Multi-dimensional dispersionless integrable systems: classification, differential geometry, solutions.

Multi-dimensional dispersionless PDEs naturally arise in applications in hydrodynamics, nonlinear optics, Whitham theory, general relativity, complex analysis and differential geometry. In spite of the years of extensive research in this area, no `intrinsic' definition of the integrability for such systems has been proposed until a series of recent publications by PI and his collaborators. It was observed that the requirement of the existence of `sufficiently many' special solutions known as nonlinear interactions of planar simple waves (dispersionless analogs of multiphase solutions) can be viewed as the effective integrability criterion replacing the familiar `symmetry' test in the dispersionfull situation.

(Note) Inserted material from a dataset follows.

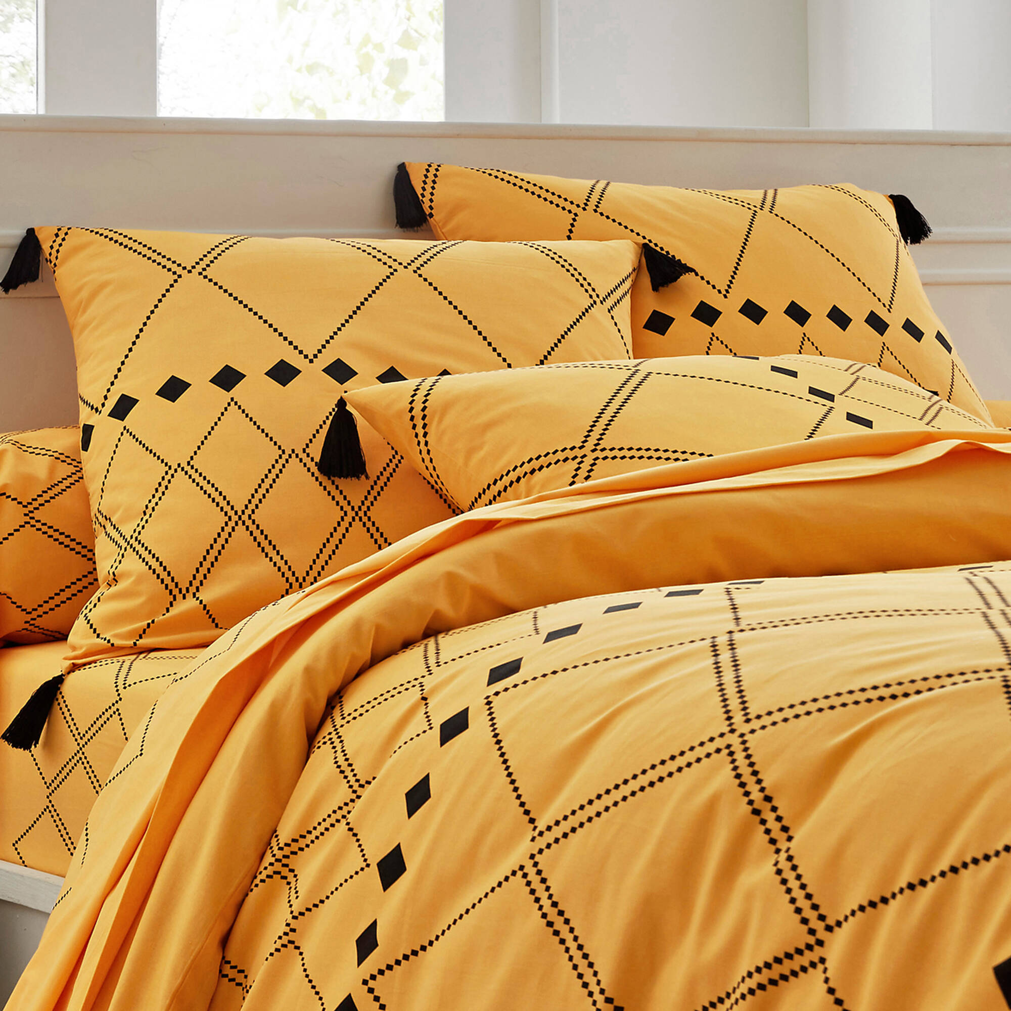 Bedlinnen Massai, in katoen met grafische motieven, afgewerkt met pompons

This criterion is easy to implement (using symbolic calculations), and partial classification results were obtained. The aims of the project are (1) to apply this criterion to the classification of multi-dimensional integrable systems of hydrodynamic type (2) to uncover the differential geometry of the integrability conditions and (3) to study exact solutions describing nonlinear interactions of planar simple waves. Integrable dispersionless PDEs constitute an entirely new and exciting area of research: due to a lack of the effective integrability criteria, no results of this type could be obtained before. It is expected that the interplay of ideas from the theory of integrable systems, differential geometry and multi-dimensional hyperbolic conservation laws will lead to a significant progress in the theory of multi-dimensional quasilinear systems, in both their theoretical and applied aspects.